Tempered Irreducible Unitary Representations of the Free group

Tim Steger
UNISS, Italy

Let Γ be a noncommutative free group on finitely many generators. We consider unitary representations of Γ which are weakly contained in the regular representations. Equivalently, these are the "tempered" representations, those whose matrix coefficients are almost in ℓ2. Let Ω be the natural boundary of Γ. A representation which acts in a certain well-defined natural way on some L2-space on Ω is called a boundary representation. All boundary representations are tempered. Conversely, if π is any tempered representation, there is an inclusion of π into some boundary representation. Such an inclusion is a boundary realization of π.



Consideration of examples leads to the duplicity conjecture: a given irreducible tempered representation has at most two inequivalent, irreducible boundary realizations. We give the details of this conjecture.



There are lots of representations of Γ, and one's intuition is that a "generic" representation is irreducibile. However, proving the irreducibility of a specific representation is usually difficult. In many cases, an analysis going by way of boundary realizations works. In certain cases one can prove simultaneously that a representation is irreducible and that it has exactly two inequivalent, irreducible boundary realizations. In other cases one can prove that it has exactly one boundary realization. These theorems are joint work with Waldemar Hebisch.

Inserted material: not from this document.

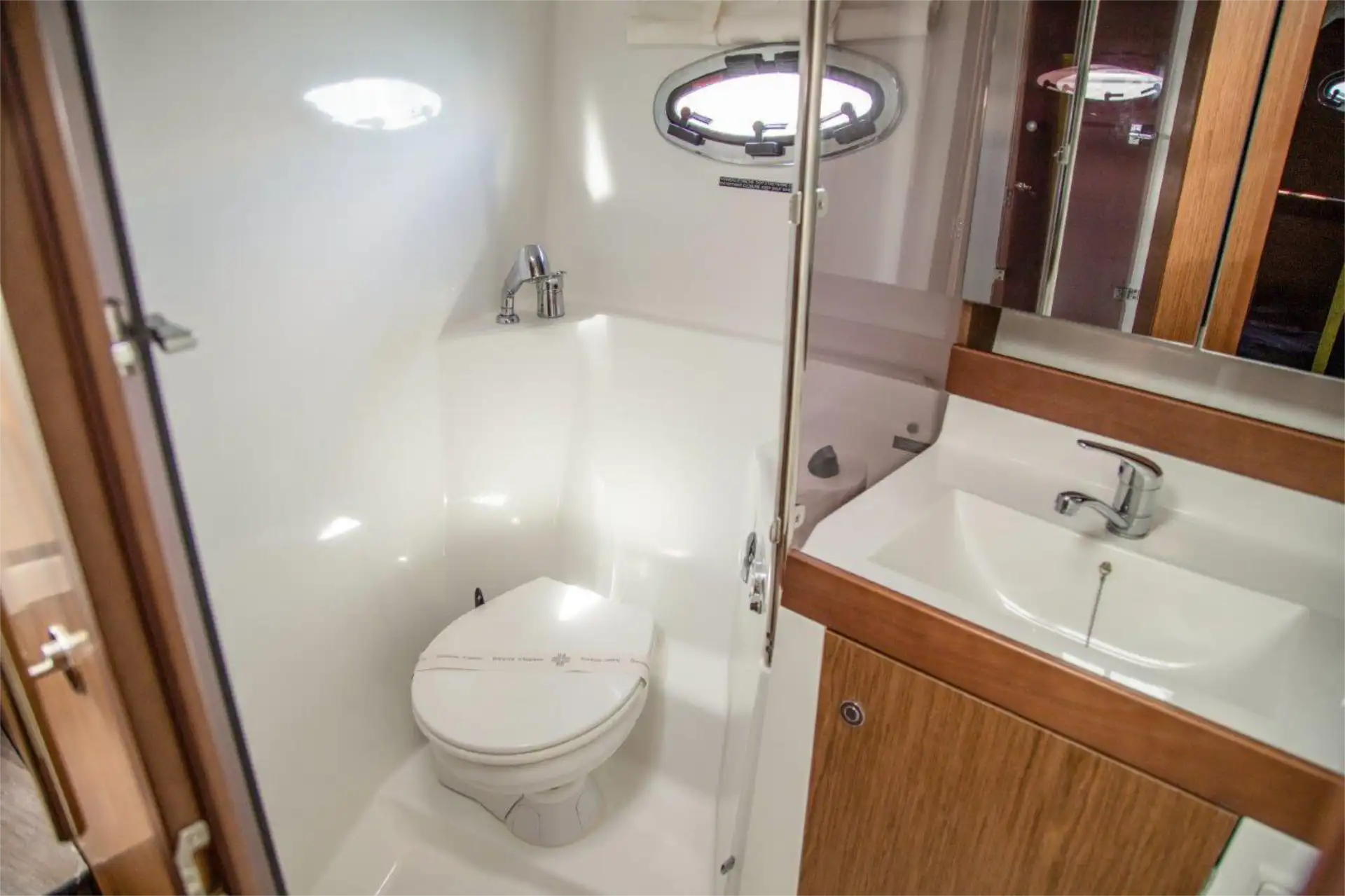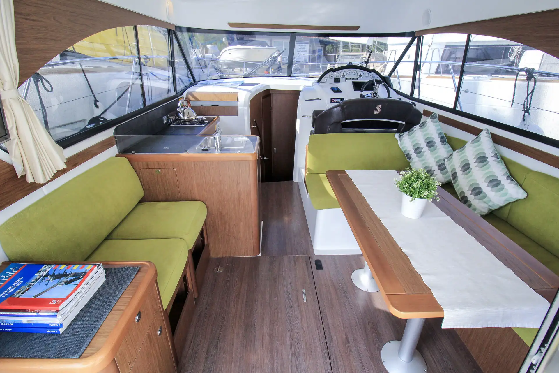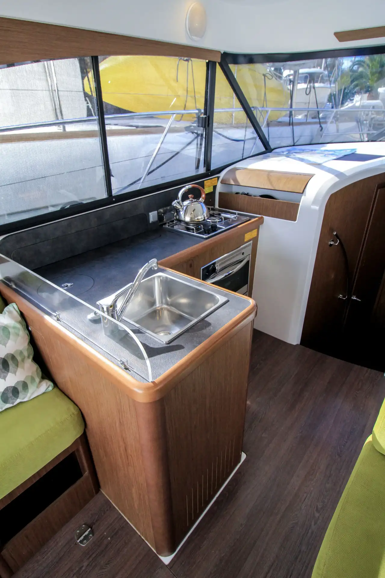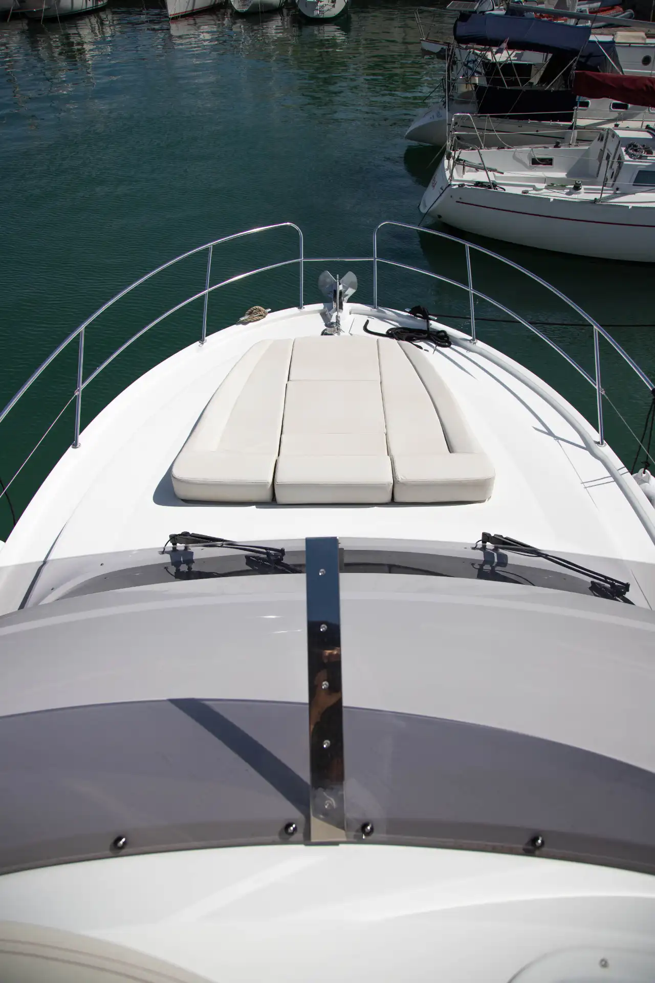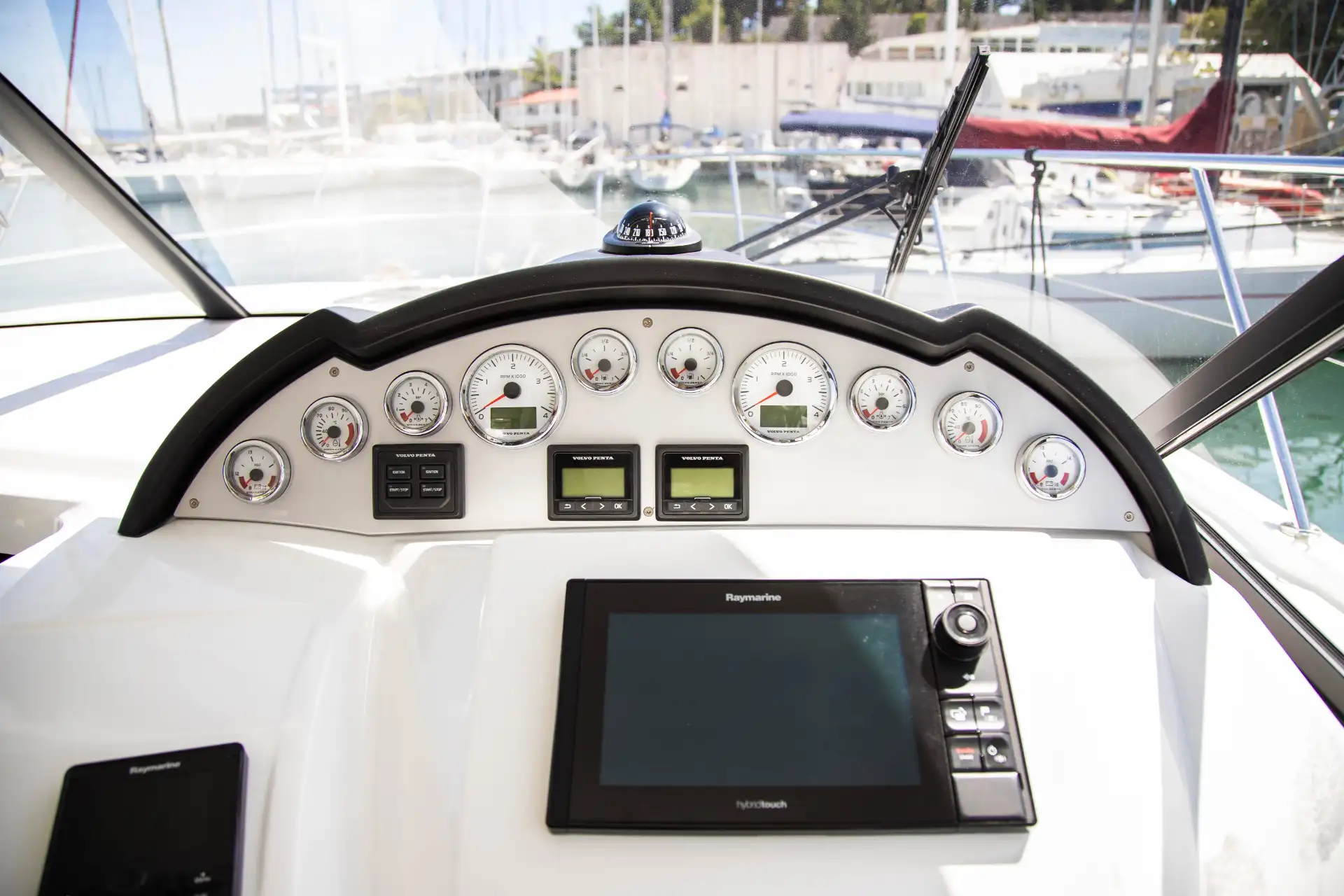 Die voll ausgestattete Pantry, ein leistungsstarker Generator und eine Klimaanlage sorgen für ein wohnliches Ambiente. Mit Bug- und Heckstrahlruder kann der Skipper stressfrei und unbesorgt manövrieren, da die Motoryacht äußerst präzise reagiert, ein Beweis für das perfekte Bootsdesign.

In joint work with Gabriella Kuhn we construct a large class of irreducible tempered representations of the free group. Although this class covers almost nothing of the (unmanageably enormous) tempered unitary dual, it does cover most of the provably irreducible tempered representations discussed in the literature. Our methods give a uniform proof of the irreducibility and inequivalence for representations in our class. The duplicity conjecture holds for these representations and the idea of boundary realization is fundamental in the proofs.